Bushe Chris J, McNamara Dermot, Haley Cliff, McCrossan Mary Fleming, Devitt Pat
Eli Lilly and Company Ltd, Adelaide Road, Dublin, Ireland.
BMC Psychiatry. 2008 Sep 15;8:76. doi: 10.1186/1471-244X-8-76.
Weight gain is commonly observed during psychotropic treatments for chronic forms of severe mental illness and is most rapid during the early treatment phases. All formats of behavioural weight intervention programmes have suggested that weight gain can be prevented or reversed in some patients. There is no data on these programmes in acutely unwell inpatients whom may be the major beneficiaries.
A modular behavioural intervention programme (Solutions for Wellness) used in SMI outpatients since 2002 in Ireland has been adapted for inpatient use. Preliminary data is reported from 5 centres in Ireland.
In 47 inpatients the mean weight change was +0.26 kg (SD 2.02) with a median change of 0 kg. Mean follow-up was 23.7 (SD 21.6) days, and median 14 days (range 6-98 days). There was no difference in mean weight change in those patients involved for > 35 days compared with < 35 days (+0.26 kg; 0.25 kg; p = 0.5). Weight loss or maintenance was seen in 70% of patients.

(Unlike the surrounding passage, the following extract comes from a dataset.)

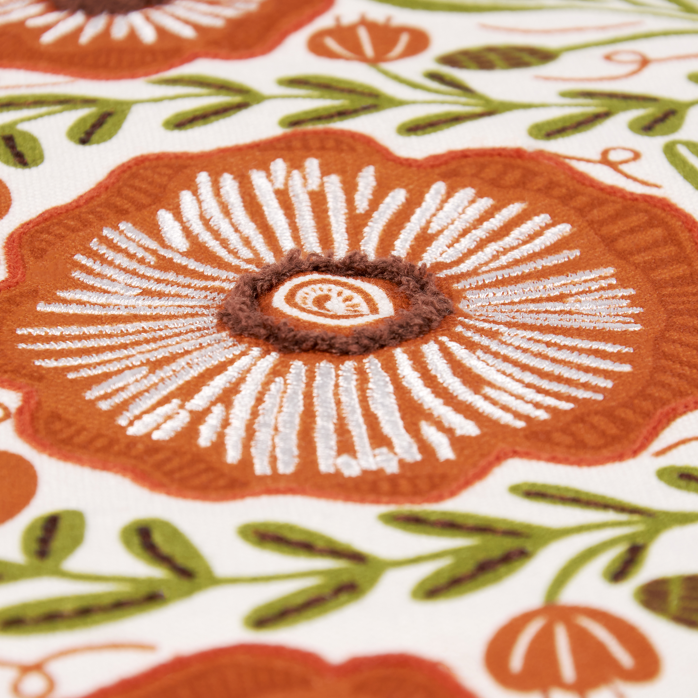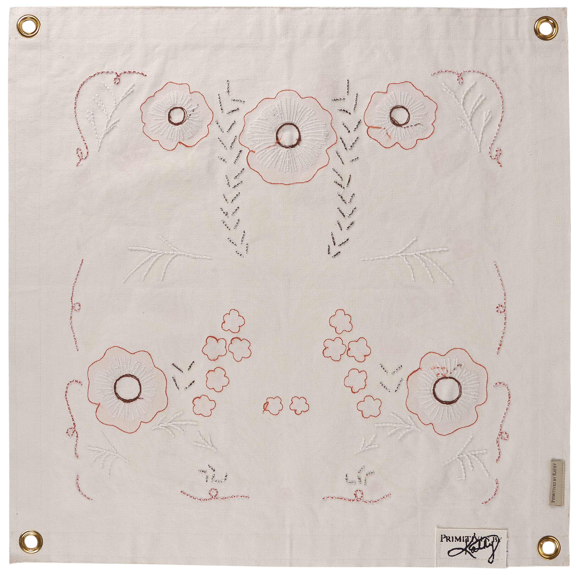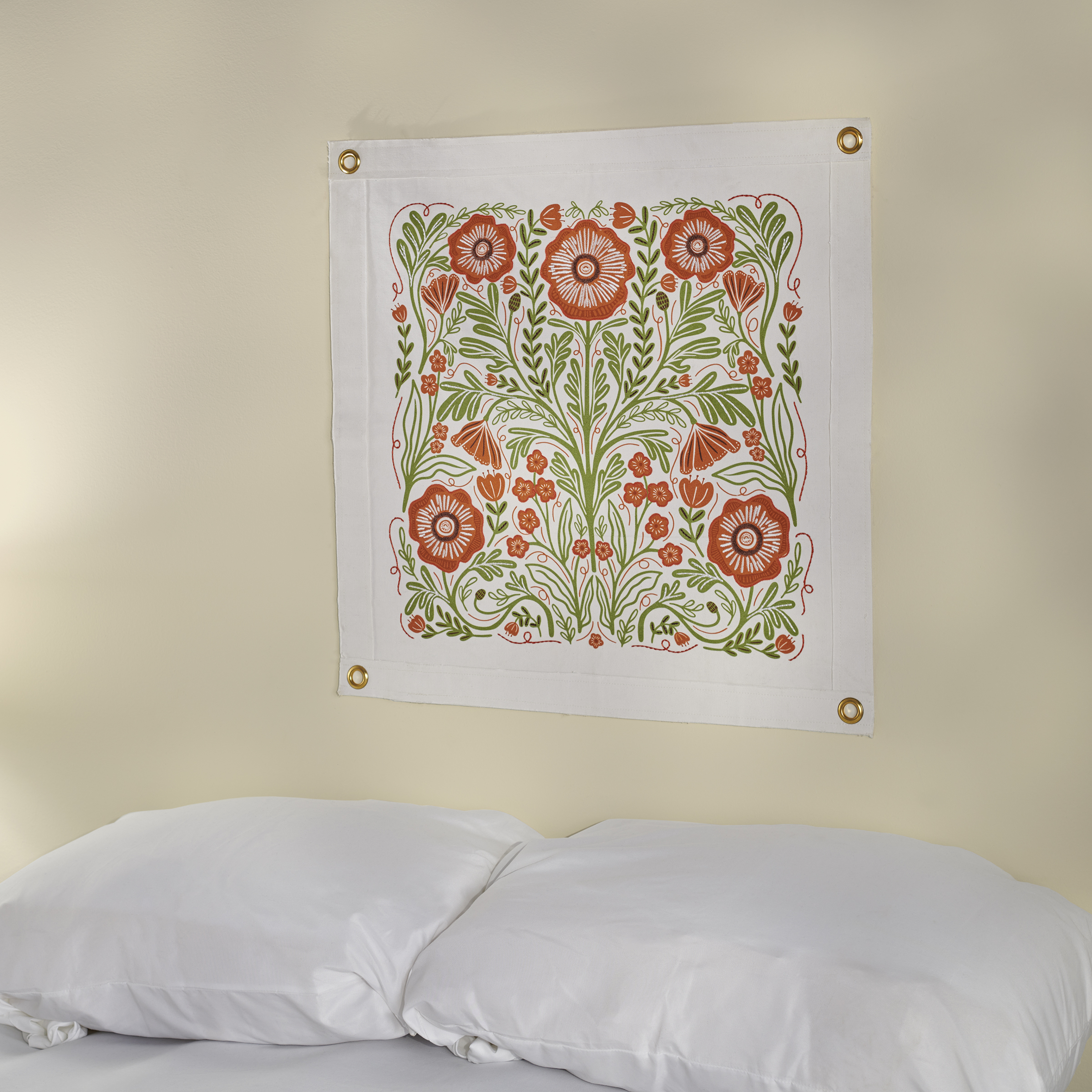 A canvas wall banner from our Folk Art Collection displaying hand illustrated designs of poppies inspired by folk art with embroidered accents for added texture. Wall banner features stitched border details and a large size for a nature-themed statement piece. Our Poppies Folk Art wall banner is easy to hang using the metal grommets on the corners. A rustic floral-themed home accent perfect for everyday display.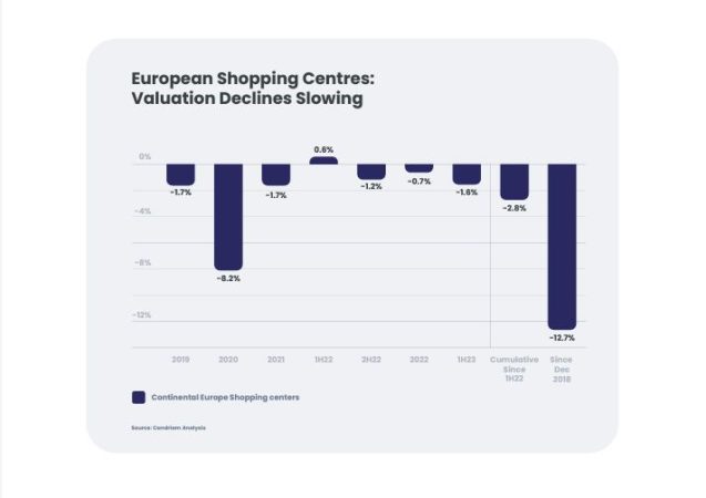 Los arrendadores de locales comerciales en Europa se han enfrentado a mayores pérdidas de valoración de los inmuebles que la mayoría de los demás segmentos. Desde la primera mitad de 2022, las valoraciones de los centros comerciales ‘prime’ en la Europa continental han disminuido solo alrededor del -3%, mientras que han caído alrededor del -15% desde 2018 y ahora ofrecen rendimientos iniciales netos de alrededor del 5,5% a partir del primer semestre de 2023.

These preliminary data are supportive of the concept that acutely unwell inpatients with SMI may engage with a behavioural weight programme. Weight change observed contrasts with the significant weight gain often seen in most subjects. Further clinical trials are warranted.
在对慢性重度精神疾病进行精神药物治疗期间,体重增加是常见现象,且在治疗早期最为迅速。所有形式的行为体重干预计划都表明,部分患者的体重增加可以预防或逆转。对于可能是主要受益人群的急性病住院患者,尚无关于这些计划的数据。
自2002年起在爱尔兰用于重度精神疾病门诊患者的模块化行为干预计划(健康解决方案)已被改编用于住院患者。报告了来自爱尔兰5个中心的初步数据。
47名住院患者的平均体重变化为+0.26千克(标准差2.02),中位数变化为0千克。平均随访时间为23.7天(标准差21.6),中位数为14天(范围6 - 98天)。参与时间超过35天的患者与参与时间少于35天的患者相比,平均体重变化无差异(+0.26千克;0.25千克;p = 0.5)。70%的患者体重减轻或维持不变。
这些初步数据支持这样的概念,即患有重度精神疾病的急性病住院患者可能参与行为体重计划。观察到的体重变化与大多数受试者常见的显著体重增加形成对比。有必要进行进一步的临床试验。